Problems we all face and how to overcome them


I read Tessa White’s The Unspoken Truth for Career Success recently, and whilst a useful title with regards to marketing, I think her book is actually more about perception and reality that it is about progression. White reminds us of the importance of remembering what the aims of an organisation are. She is talking about business and urges her readers to remember that all businesses will want to focus on keeping costs down and results high. When an individual within that company tries to pitch something that will improve their lives personally, there needs to be an acknowledgement of the organisation’s aims as well as their own preferences. The same is true for schools. Whilst I’m not going to get into a deep philosophical debate about what schools are for, for now let’s agree that they are about keeping children safe, creating a supporting learning environment and getting good results. Therefore, our communication needs to be based on the school’s core values as well as our own to avoid frustration all round.


In the same way that the school I visited recently reminds staff of their agency within any given situation, White does the same thing, telling us that if we want something to change, we have to be willing to be part of the solution rather than just identifying the problem.

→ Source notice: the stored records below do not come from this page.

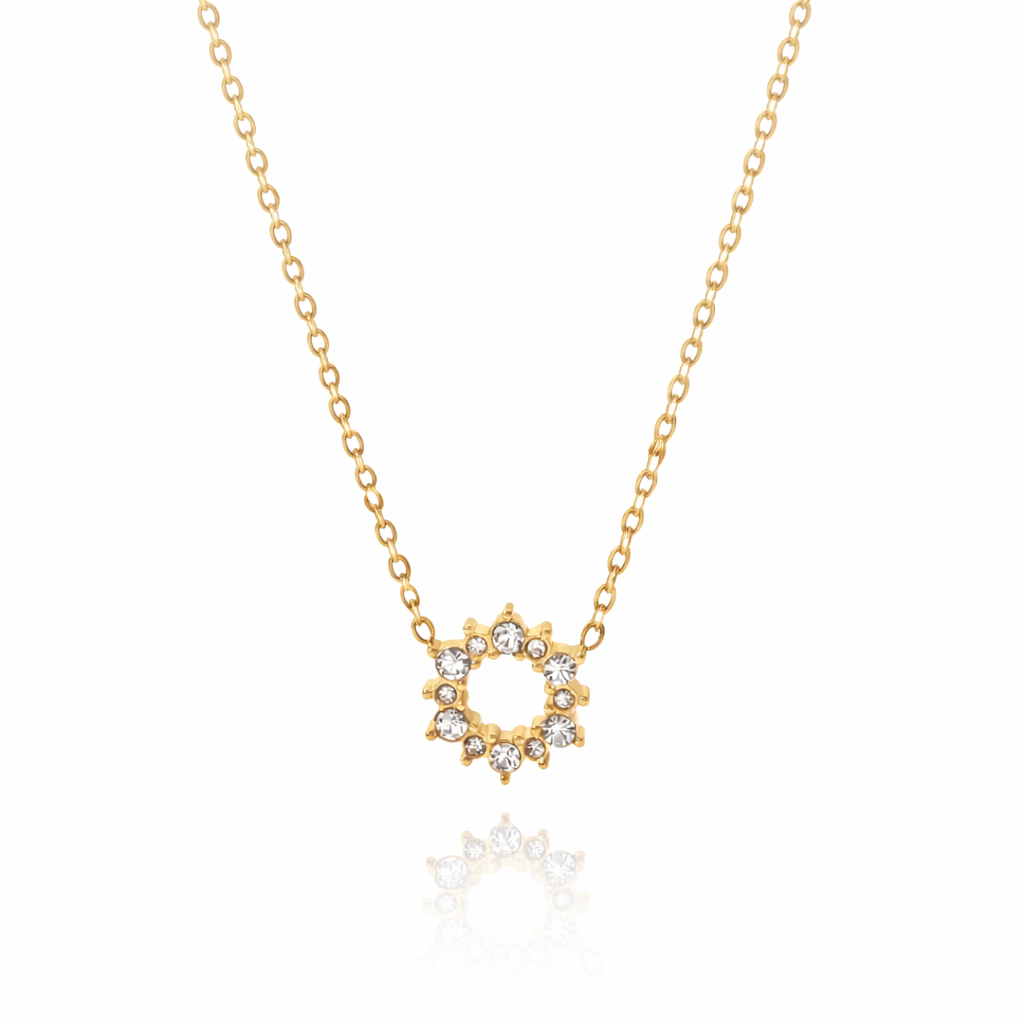 The Katie Necklace features a delicate open-circle pendant accented with shimmering crystal details for a soft, refined sparkle. Set on a fine gold chain, this piece is subtle yet eye-catching, making it perfect for everyday wear or effortless layering. Elegant and minimal with just the right touch of shine, the Katie Necklace adds a polished finish to any look.
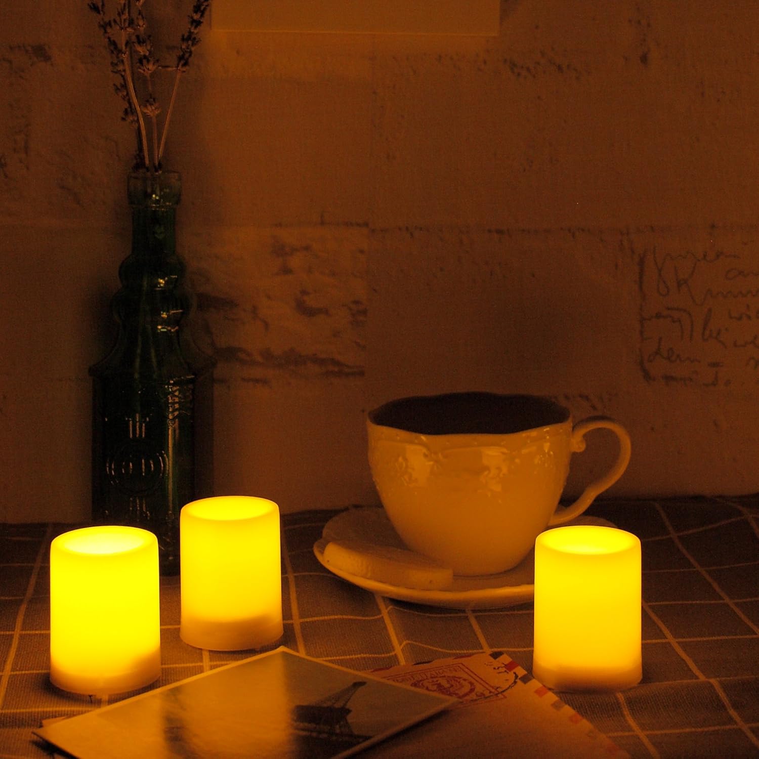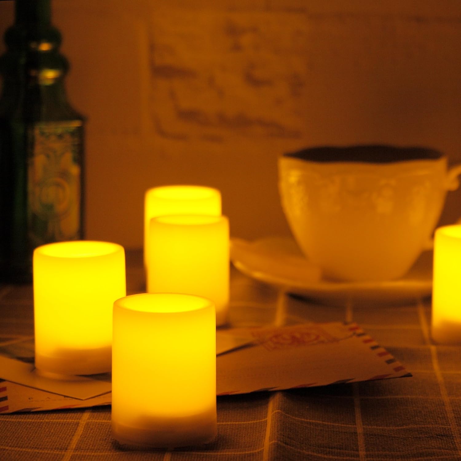 • Flicker like real candles but better than real wax candles. These electric votive candles are made of high quality, durable, wax like plastic, and bright flickering bulbs. They look like and flicker like real candles. Compared the real wax LED candles, plastic candles are more durable and can be used in more occasions. For example, resin candles will never melt under the sun therefore these plastic candles can be use outdoor when it does not rain or snow.
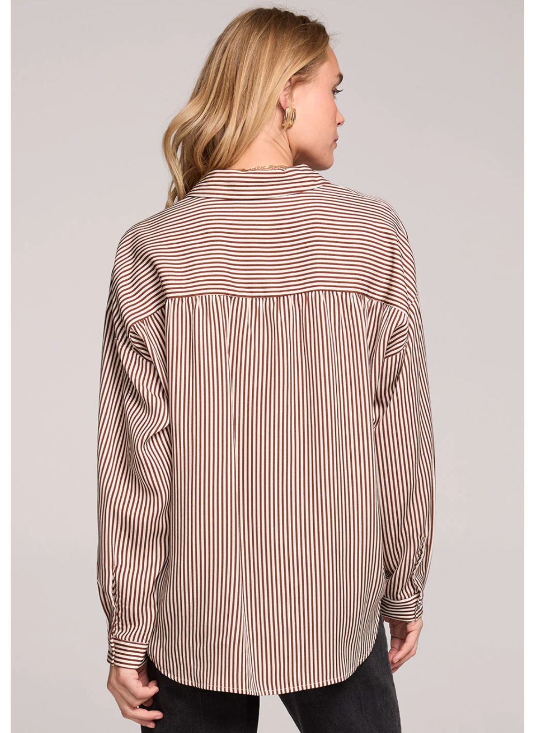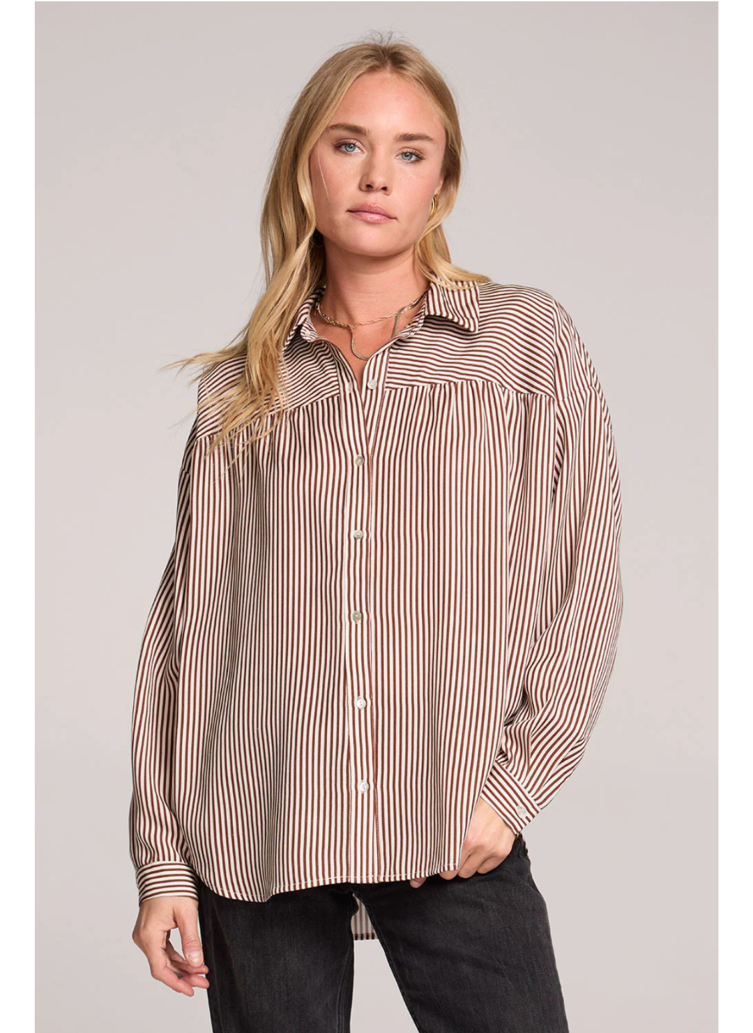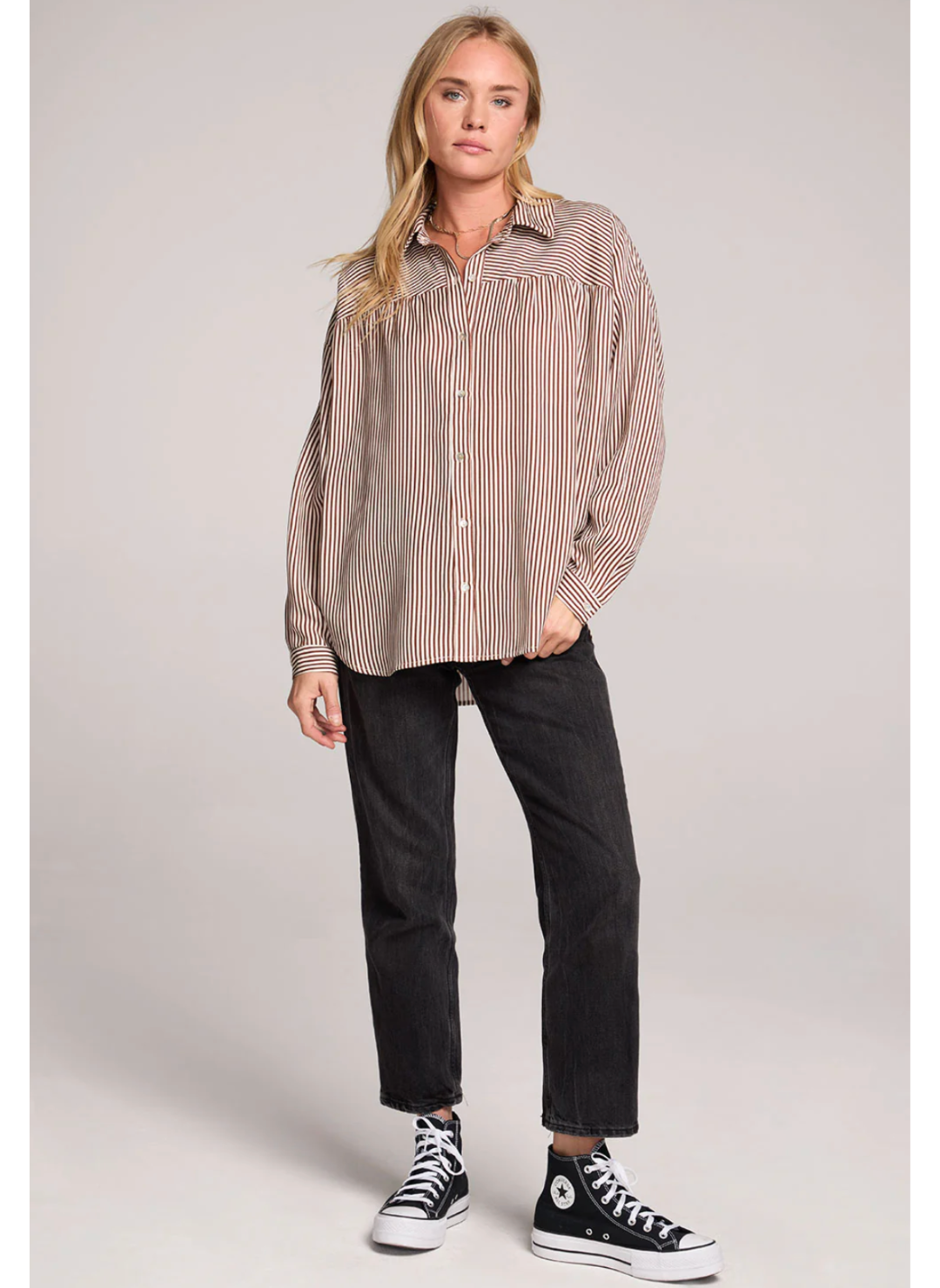 Meet your new wardrobe essential: the Saltwater Luxe Isadora Shirt. Classic, refined, and endlessly versatile, this top brings vintage-inspired tailoring into the modern woman’s wardrobe. Featuring petite brown and white pinstripes, the Isadora offers a crisp button-down silhouette with an easy, relaxed drape that flatters every shape. Whether you’re pairing it with denim for brunch or trousers for the office, this piece transitions seamlessly from day to night.
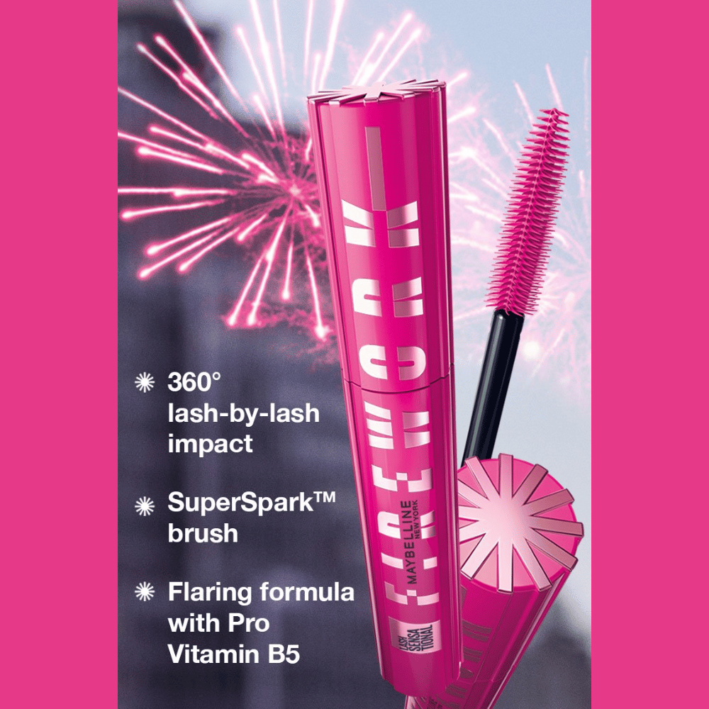 Ready for main character lashes? Lash Sensational Firework mascara delivers 360° extraordinary lash impact and full flare. A Sensational Firework of lashes. With a conditioning formula infused with Pro-Vitamin B5, the newest member of the fan-favourite Lash Sensational mascara family charges lashes from root to tip. Its custom SuperSpark Brush is made with different lengths of flex bristles, arranged in a spiral firework pattern to hug and shoot lashes up and out. Allergy tested. Ophthalmologist tested. Suitable for contact lens wearers.
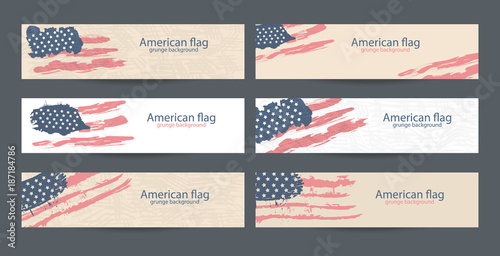 Set American flag, banner design. Collection of USA backgrounds for business, holiday (Independence Day, Labor Day), hand drawing, grunge style, retro. Eps file layers, clipping mask.
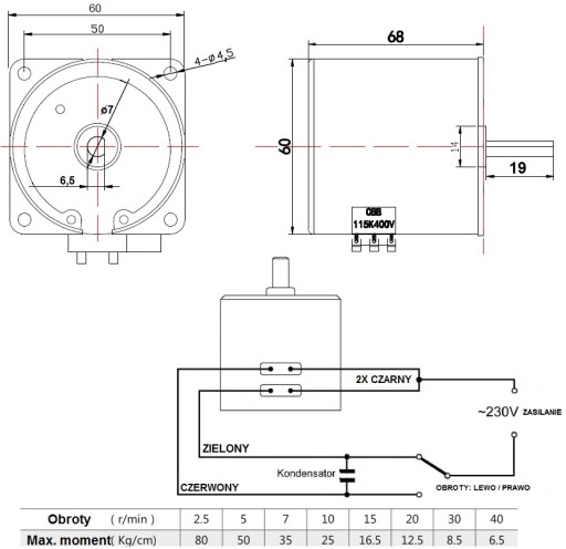 230VAC, moc max 35W, 2,5 OBROTÓW NA MINUTĘ
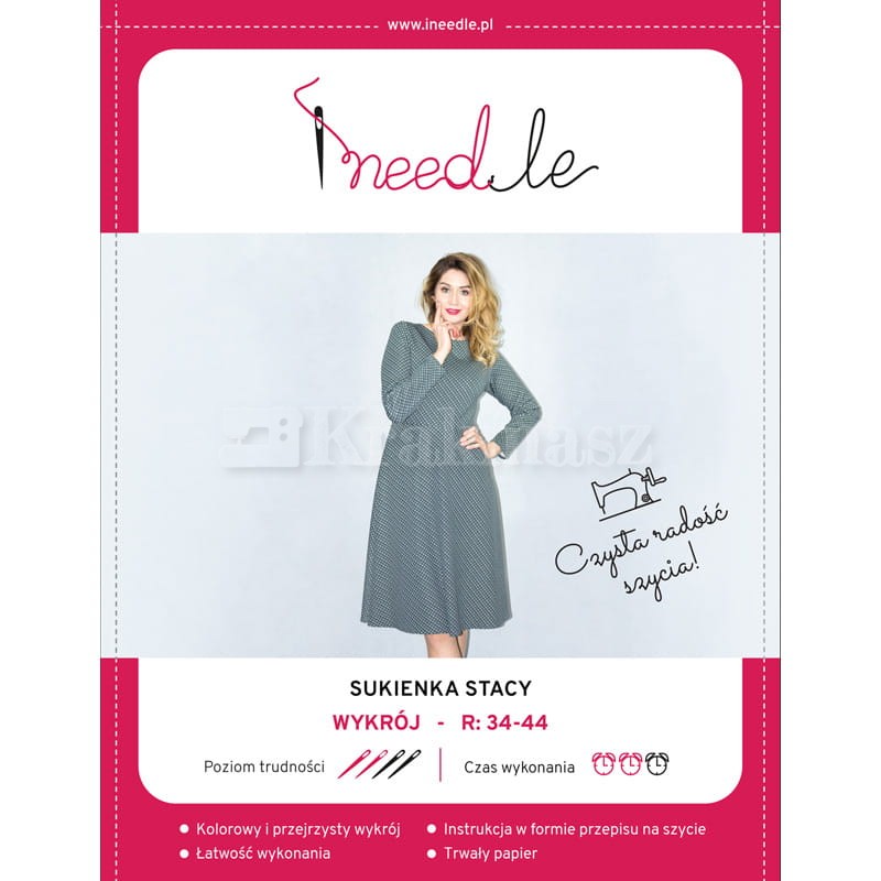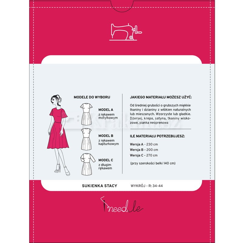 Na podstawie tego wykroju uszyjesz klasyczną, sukienkę damską w rozmiarze od 34 do 44. Sukienka Stacy jest klasyczną sukienką damską z lekkim odcięciem i dopasowaniem w talii. Długość sięga w okolice kolan, a całość jest zapinana na zamek. Wykrój umożliwia uszycia sukienki z trzeba wersjami rękawków, czyli z motylkowym, kapturkowym i długim. Wykrój na klasyczną sukienkę damską jest umieszczony na dużym arkuszu papieru z wyraźnie narysowanymi rozmiarami. Każdy rozmiar jest oznaczony osobnym kolorem więc znalezienie i odrysowanie tego, na którym nam zależy, jest bardzo łatwe. Poza wykrojem na tym samym arkuszu papiery znajdziesz bardzo przydatne podpowiedzi jak np. jak zdjąć miarkę z sylwetki i prawidłowo wybrać rozmiar odzież, który planujemy uszyć. Znajdziesz tam także informację jak odrysować wykrój, w jakiej kolejności wyciąć materiał czy jak uszyć wybrany model odzieży.
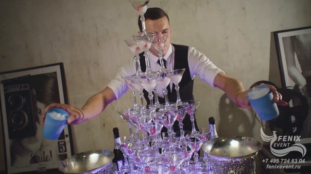Пирамида шампанского на встречу гостей, свадьбу, юбилей и корпоратив - заказать бармен шоу в Москве
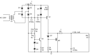 - Avec boucle de réglage automatique. Le dispositif de compensation fonctionne sur le principe de l'égalisation des valeurs de sortie et de référence. Une partie de la tension de sortie est retirée du diviseur résistif, puis comparée à l'aide d'une diode Zener. La boucle de contrôle est une boucle de rétroaction à 180 degrés. Le courant est stabilisé par une résistance ou une alimentation.
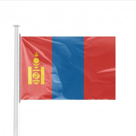 Drapeau et pavillon imprimé aux couleurs de la MONGOLIE, produit adapté à un usage en intérieur et en extérieur.

If you are reading this as a teacher, you might be interested in reflecting upon on your perceptions have changed over time. Education is fast paced, high stakes and if we are totally honest, susceptible to fads. Even if you haven’t been teaching for that long, you’ll be able to notice the aspects of the role that you love and those that you tolerate. You may have had an idea presented to you in inset to which your initial reaction will be ‘nope’ or picked up something recently that you hadn’t considered before which has turned out to be a total game changer.


If you are reading this as a leader (at any level), you will need to consider the way in which you use anecdotal data. We cannot build an effective, functioning, supportive school if we are weighting the views of some staff over others. Whose opinion do you give more weight to? Why is theirs? How much emphasis do you subconsciously put on how people communicate with you rather than what they are actually saying.


Regardless of our position in a school, using phrases like ‘staff think’ or ‘leaders all agree’ are loaded in that there is no way we all understand the same things in the same ways and draw the same conclusions. I’m not saying we can’t be a unified group, of course we can. However, we must own the fact that it isn’t possible for everyone to hold the same opinion, for the same reasons for a sustained amount of time. Within every group that collectively get behind something there are zealots, happy followers and those who had considered the options and found compliance to be the most tolerable solution.


This is fine. This is inevitable. This also means that no one person can express an opinion on behalf of everyone in the school. This means we have to be careful about how we communicate what is going on in our schools. What we can say is ‘we all do this’, but that is very different from ‘we all think it is brilliant’, which you can only say when you have hard evidence to back up this statement.


In conclusion, I think we all have a responsibility to acknowledge the limitations of our perceptions and do our best where possible to view all interactions at work from the perspectives of others. There isn’t a down side to inspecting how we have built our own perceptions and how we developed them. Also, its the longest, coldest, darkest term. If you really feel that something needs saying, maybe leave it until January!


 Reflective questions


  1. How often do you step back and reflect upon your own practice/school policies to reflect on how well they align with your values and if they are working?

  2. How do your current relationships with colleagues shape your perceptions of what’s happening in school?

  3. How do you actively and regularly seek out different perspectives?

  4. How confident are you in your own agency to change a situation you’re not happy with at work?

  5. How do you communicate your ideas?